Burr Carlson

Biographical details
- Born: January 19, 1928 Bethel, Connecticut, U.S.
- Died: September 4, 2018 (aged 90) Naples, Florida, U.S.

Playing career
- 1948–1950: Connecticut Teachers
- 1951–1952: UConn

Coaching career (HC unless noted)
- 1952–1953: Windham HS (CT) (assistant)
- 1956–1957: Rockville HS (CT) (assistant)
- 1957–1959: Hall HS (CT) (assistant)
- 1959–1964: Bristol Eastern HS
- 1964–1967: UConn (assistant)
- 1967–1969: UConn

Head coaching record
- Overall: 16–32 (.333)

Accomplishments and honors

Awards
- 1x All-Yankee Conference first team (1952)

= Burr Carlson =

American college basketball player and coach (1928–2018)

Burr Richard Carlson (January 19, 1928 – September 4, 2018) was an American basketball player and coach who was the head coach of the UConn Huskies men's basketball team from 1967 to 1969.

==Early life==
Carlson was born in Bethel, Connecticut, on January 19, 1928, to Burr Oscar and Mary A. (Donlon) Carlson. He led Bethel High School to a Housatonic Valley Athletic League championship in 1945, scoring 22 of the team's 28 points in the title game. He also pitched two no-hitters for BHS' baseball team. From 1945 to 1946, Carlson served in the United States Navy.

==Playing==
Carlson was New Britain State Teachers College's leading scorer for two consecutive seasons and led the team to appearances in the 1949 and 1950 NAIA basketball tournaments. He transferred to the University of Connecticut in 1950, but was forced to sit out a year due to transfer rules. In his one season for the Huskies, he averaged 12.6 points per game, 14.5 rebounds per game, and 1.5 assists per game. He led the Yankee Conference in total rebounds, rebounds per game, and field goal attempts and was named to the 1952 All-Yankee Conference basketball team.

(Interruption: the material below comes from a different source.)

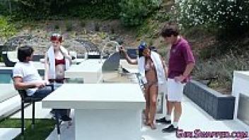 OOPSIE: Stunning Yoga Women Join BDSM Couple for a SQUIRTING FOURSOME AND INTERRACIAL CUM SWAP!
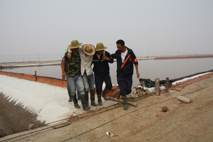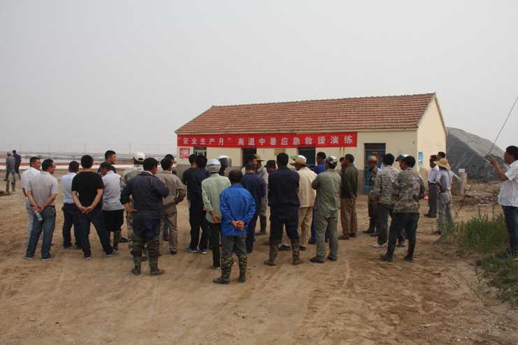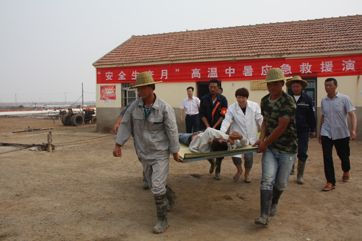 为了加强公司全员的安全预防意识,增强应对紧急事件的自我保护和防卫能力, 6月29日上午,灌西投资公司在新河制盐分公司九班联合举行“高温中暑应急救援演练”活动,公司副总经理古浩光、各单位分管安全领导、日晒制盐一线班组长参加观摩。

Carlson was selected by the Philadelphia Warriors in the fifth round of the 1952 NBA draft. He was the first UConn player to ever be selected in the NBA draft. He did not sign with the Warriors due to required military service. He served in the United States Army from 1953 to 1955 and the United States Army Reserve from 1955 to 1964.

Carlson was able to play semipro basketball in Connecticut. In 1952, he joined the Torrington/Winsted Howards, a Connecticut Basketball League team composed of former New Britain Teachers College players. He was a member of the New Britain Rams of the Eastern Basketball Association during the 1953–54 season. He then joined the Nassiff Arms team of the Manchester Rec Basketball League. He was a member of the Nassif Arms team that beat the National Basketball Association's Milwaukee Hawks in 1955. From 1955 to 1959, he was a member of the Manchester Green Manor Pros. He was an all-Connecticut Basketball Association first team selection in 1957–58.

==Coaching==
Carlson began his coaching career in 1952 as the assistant basketball coach at Windham High School in Windham, Connecticut. In 1956, he was hired as a drivers education teacher and assistant basketball and baseball coach at Rockville High School. He resigned in 1957 to accept a position in West Hartford, Connecticut. He was the assistant varsity basketball coach at Hall High School until 1959, when he became the head coach at the newly-established Bristol Eastern High School.

In 1964, Carlson returned to UConn as assistant basketball coach. He was promoted to head coach in 1967 after Fred Shabel took an administrative position with the university. The Huskies went 11–13 in Carlson's first season, then fell to 5–19 in 1968–69. On February 16, 1969, Carlson and his assistant, Jack Coniam announced their intention to resign at the end of the season.

==Personal life==
On July 11, 1953, Carlson married Carol Ann Dixon at St. Rose of Lima Church in Newtown, Connecticut. They had two sons – Richard and Gary. Gary played for the Hartford Hawks men's basketball team from 1980 to 1982.

==Later life==
After leaving UConn, Carlson spent twelve years as a guidance counselor at Windsor High School in Windsor, Connecticut. He also owned and managed apartment complexes in Vernon, Connecticut.

Carlson died on September 4, 2018 in Naples, Florida.